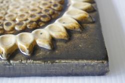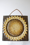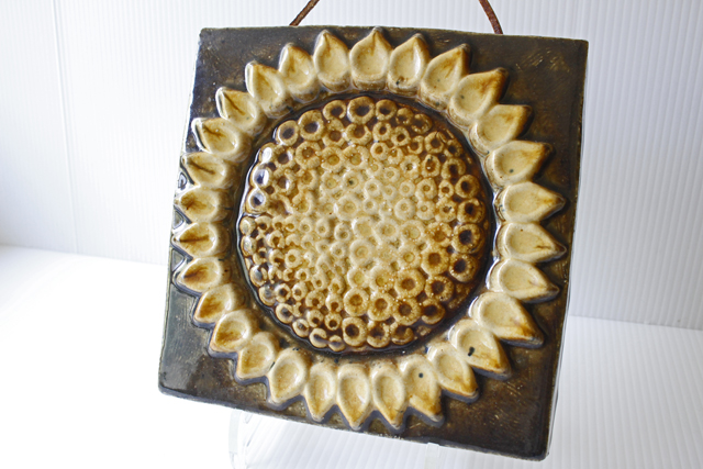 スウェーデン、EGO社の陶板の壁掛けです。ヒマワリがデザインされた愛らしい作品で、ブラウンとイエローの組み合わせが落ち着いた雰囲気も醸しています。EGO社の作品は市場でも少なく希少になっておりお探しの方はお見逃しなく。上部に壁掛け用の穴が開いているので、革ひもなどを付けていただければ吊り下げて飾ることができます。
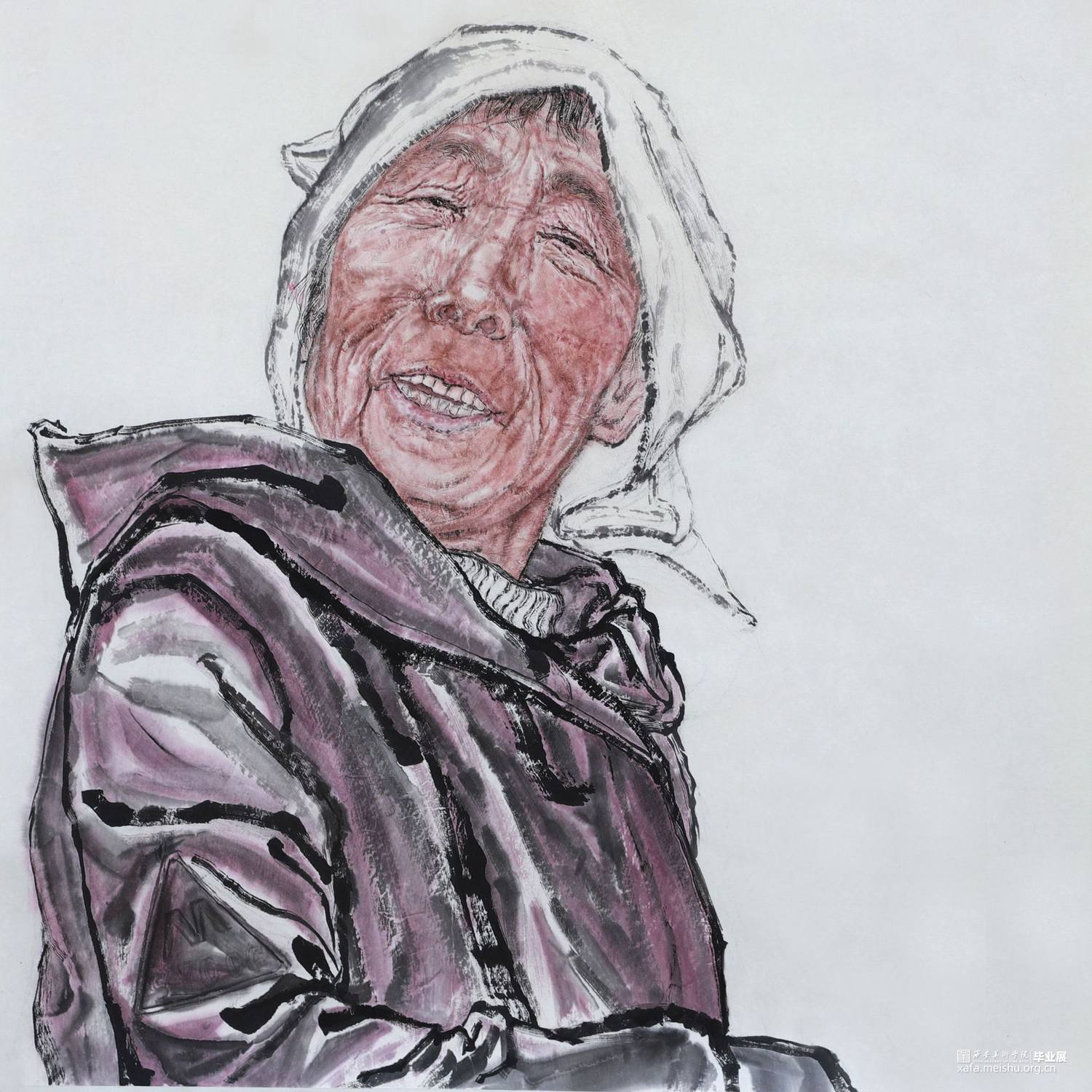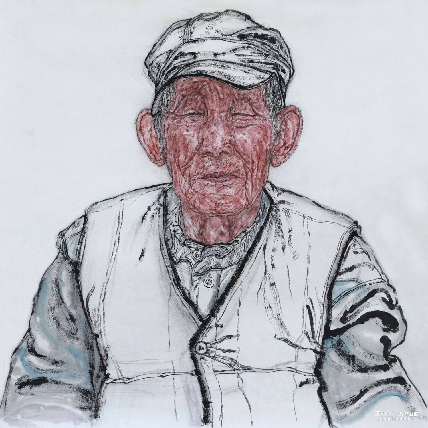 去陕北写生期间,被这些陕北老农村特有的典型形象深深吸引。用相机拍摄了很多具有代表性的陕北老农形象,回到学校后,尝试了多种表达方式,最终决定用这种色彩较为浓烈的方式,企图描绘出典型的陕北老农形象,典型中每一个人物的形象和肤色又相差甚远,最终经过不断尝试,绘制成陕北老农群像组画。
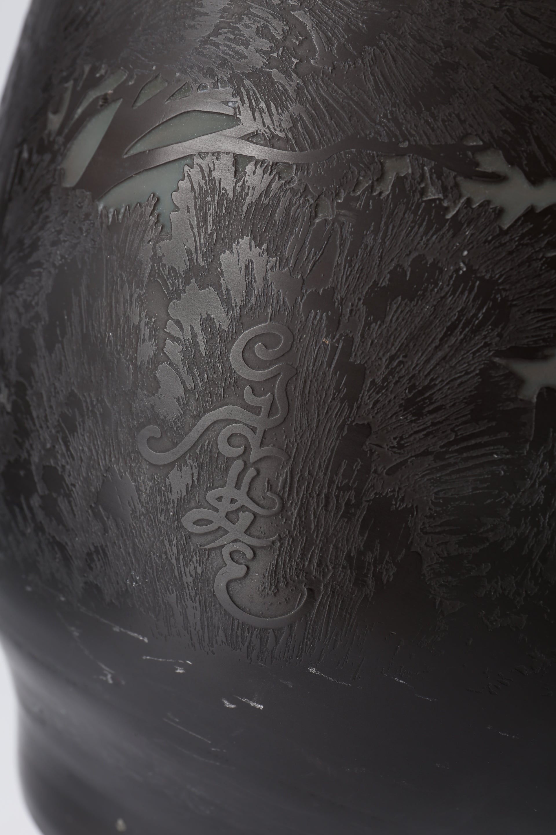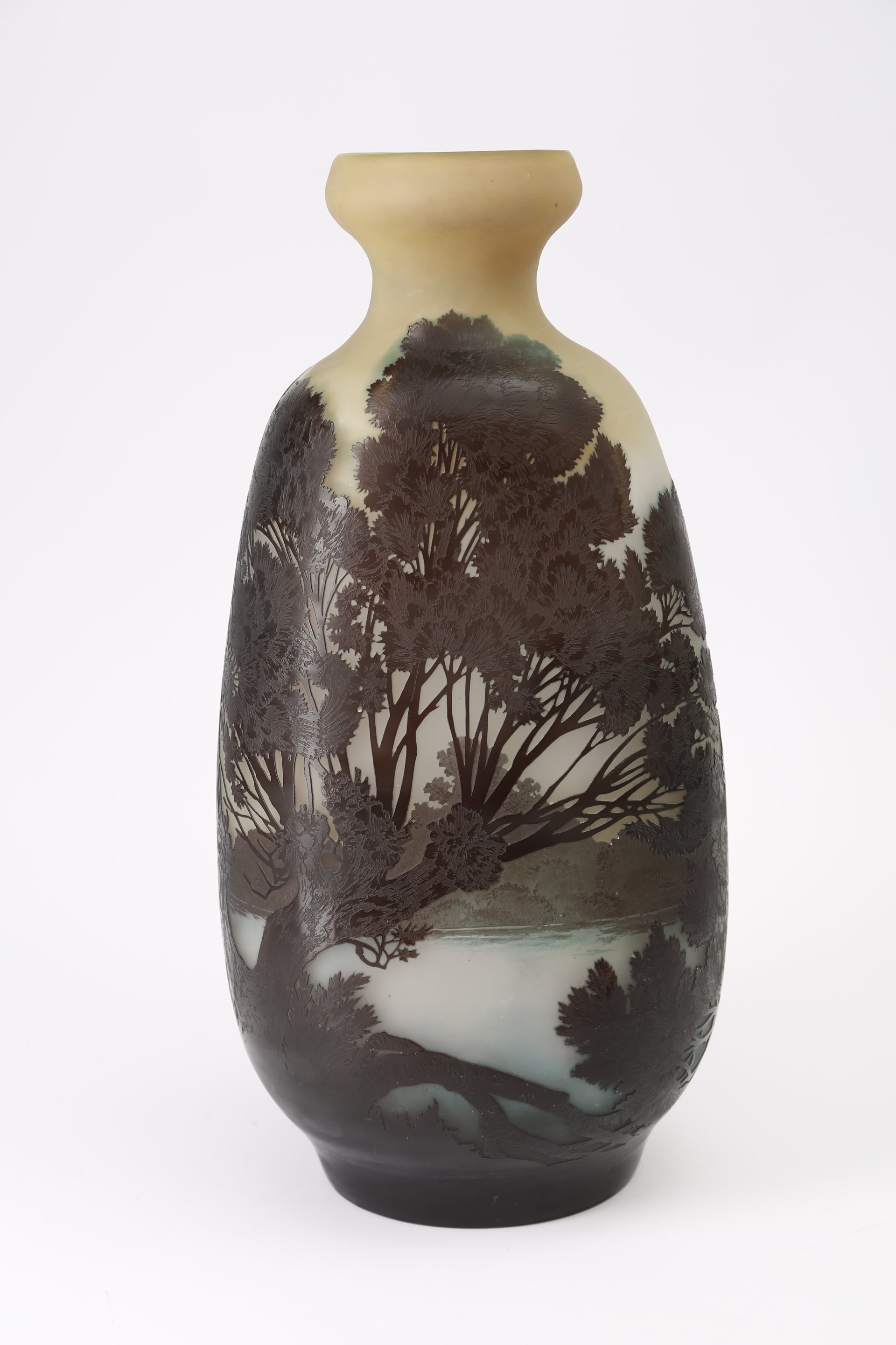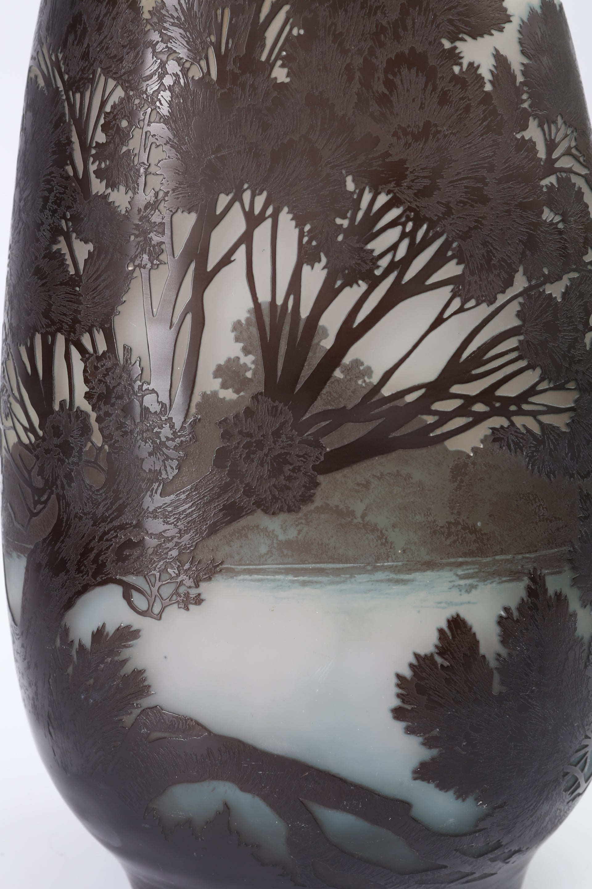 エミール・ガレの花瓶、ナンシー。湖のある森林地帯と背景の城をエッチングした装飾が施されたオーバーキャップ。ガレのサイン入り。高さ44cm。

--

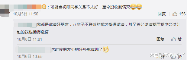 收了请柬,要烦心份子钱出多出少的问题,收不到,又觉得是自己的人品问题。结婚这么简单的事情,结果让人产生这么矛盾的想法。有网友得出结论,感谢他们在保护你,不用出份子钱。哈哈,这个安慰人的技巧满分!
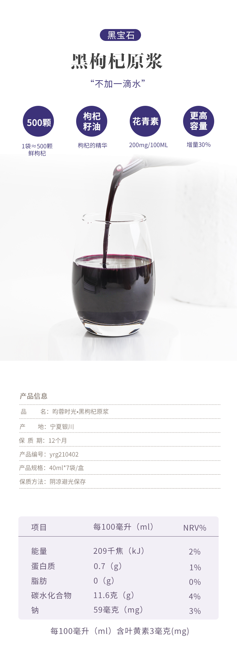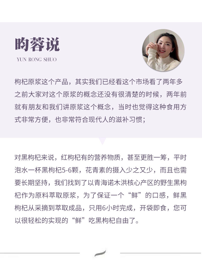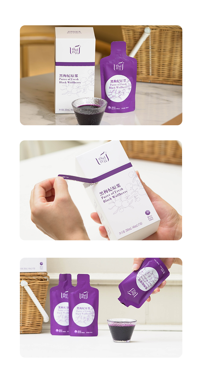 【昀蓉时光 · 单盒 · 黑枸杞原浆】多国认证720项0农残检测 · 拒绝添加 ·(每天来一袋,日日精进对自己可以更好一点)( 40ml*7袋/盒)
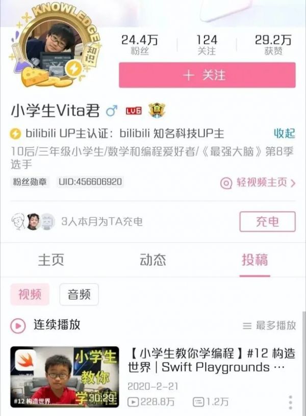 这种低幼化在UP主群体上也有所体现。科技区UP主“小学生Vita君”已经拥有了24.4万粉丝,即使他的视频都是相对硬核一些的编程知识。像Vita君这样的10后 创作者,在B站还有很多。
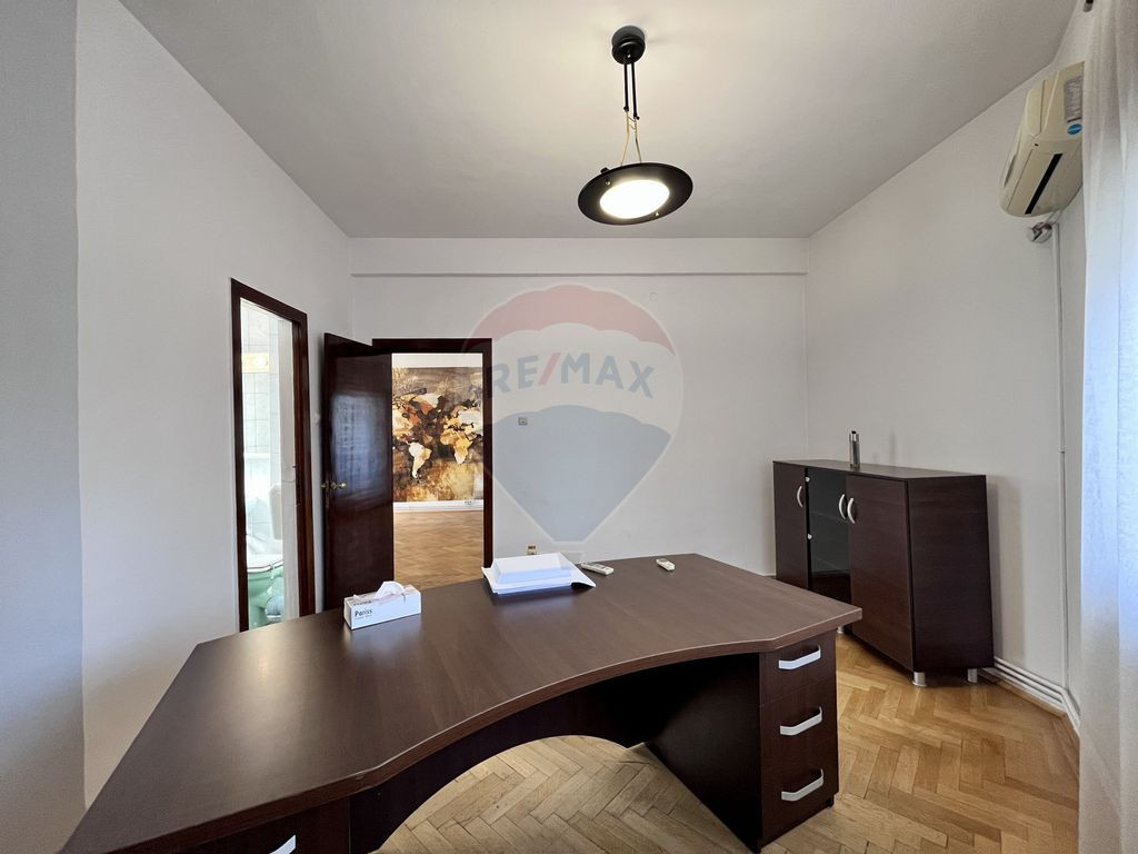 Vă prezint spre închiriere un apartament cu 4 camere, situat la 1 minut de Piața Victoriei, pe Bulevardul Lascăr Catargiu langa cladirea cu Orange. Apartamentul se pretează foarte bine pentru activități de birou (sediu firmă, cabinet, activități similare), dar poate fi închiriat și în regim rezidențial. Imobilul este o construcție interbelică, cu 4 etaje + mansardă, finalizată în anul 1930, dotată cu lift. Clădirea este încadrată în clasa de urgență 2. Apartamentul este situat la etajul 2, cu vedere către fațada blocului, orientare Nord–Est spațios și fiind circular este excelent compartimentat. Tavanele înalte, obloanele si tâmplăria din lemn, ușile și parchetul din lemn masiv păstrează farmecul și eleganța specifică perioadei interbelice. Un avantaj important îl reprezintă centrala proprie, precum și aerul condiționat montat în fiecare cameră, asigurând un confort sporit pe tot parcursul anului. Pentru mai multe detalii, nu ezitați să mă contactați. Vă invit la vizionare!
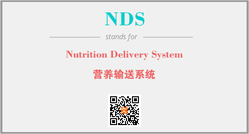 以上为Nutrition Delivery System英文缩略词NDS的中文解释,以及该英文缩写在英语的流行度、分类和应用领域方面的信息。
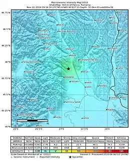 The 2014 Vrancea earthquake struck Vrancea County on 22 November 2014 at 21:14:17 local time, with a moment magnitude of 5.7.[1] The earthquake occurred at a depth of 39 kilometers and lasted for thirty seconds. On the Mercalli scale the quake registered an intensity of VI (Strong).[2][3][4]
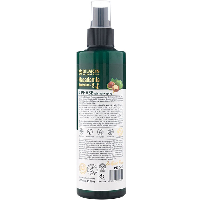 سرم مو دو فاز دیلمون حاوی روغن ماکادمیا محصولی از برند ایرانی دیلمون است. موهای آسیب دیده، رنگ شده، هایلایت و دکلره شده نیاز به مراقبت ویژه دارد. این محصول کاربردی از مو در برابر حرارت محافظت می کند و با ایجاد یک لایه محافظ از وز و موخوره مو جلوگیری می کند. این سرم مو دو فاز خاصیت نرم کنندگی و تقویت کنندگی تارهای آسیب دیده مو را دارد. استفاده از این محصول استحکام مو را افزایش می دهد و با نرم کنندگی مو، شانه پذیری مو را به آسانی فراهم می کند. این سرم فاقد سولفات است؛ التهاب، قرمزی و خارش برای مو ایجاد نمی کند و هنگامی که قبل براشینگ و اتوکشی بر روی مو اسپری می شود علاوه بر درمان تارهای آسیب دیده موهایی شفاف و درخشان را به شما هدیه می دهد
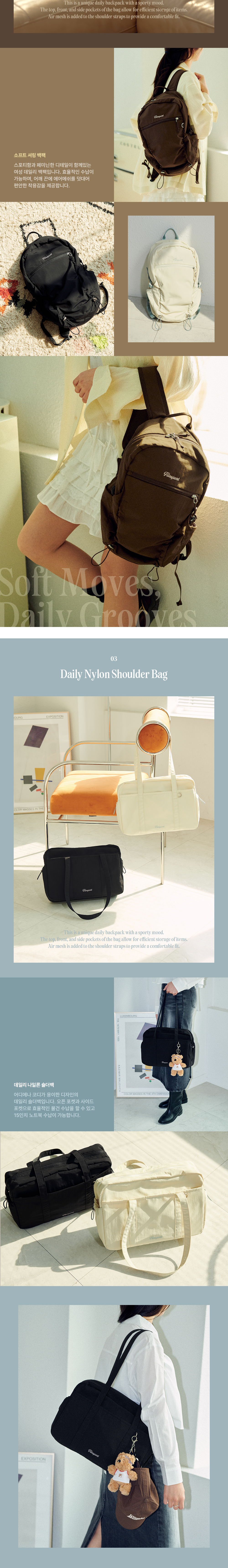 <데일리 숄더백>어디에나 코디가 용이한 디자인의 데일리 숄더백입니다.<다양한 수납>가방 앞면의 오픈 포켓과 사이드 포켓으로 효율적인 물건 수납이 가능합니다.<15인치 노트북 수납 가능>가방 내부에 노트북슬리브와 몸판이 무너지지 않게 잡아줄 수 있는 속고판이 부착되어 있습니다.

TASK | Would you output only the span of the records above that opens with the line containing "スウェーデン、EGO社の陶板" and closes with the line containing "エミール・ガレの花瓶、ナンシ", ends included and pictures dropped?

ANSWER SECTION |
 スウェーデン、EGO社の陶板の壁掛けです。ヒマワリがデザインされた愛らしい作品で、ブラウンとイエローの組み合わせが落ち着いた雰囲気も醸しています。EGO社の作品は市場でも少なく希少になっておりお探しの方はお見逃しなく。上部に壁掛け用の穴が開いているので、革ひもなどを付けていただければ吊り下げて飾ることができます。
 去陕北写生期间,被这些陕北老农村特有的典型形象深深吸引。用相机拍摄了很多具有代表性的陕北老农形象,回到学校后,尝试了多种表达方式,最终决定用这种色彩较为浓烈的方式,企图描绘出典型的陕北老农形象,典型中每一个人物的形象和肤色又相差甚远,最终经过不断尝试,绘制成陕北老农群像组画。
 エミール・ガレの花瓶、ナンシー。湖のある森林地帯と背景の城をエッチングした装飾が施されたオーバーキャップ。ガレのサイン入り。高さ44cm。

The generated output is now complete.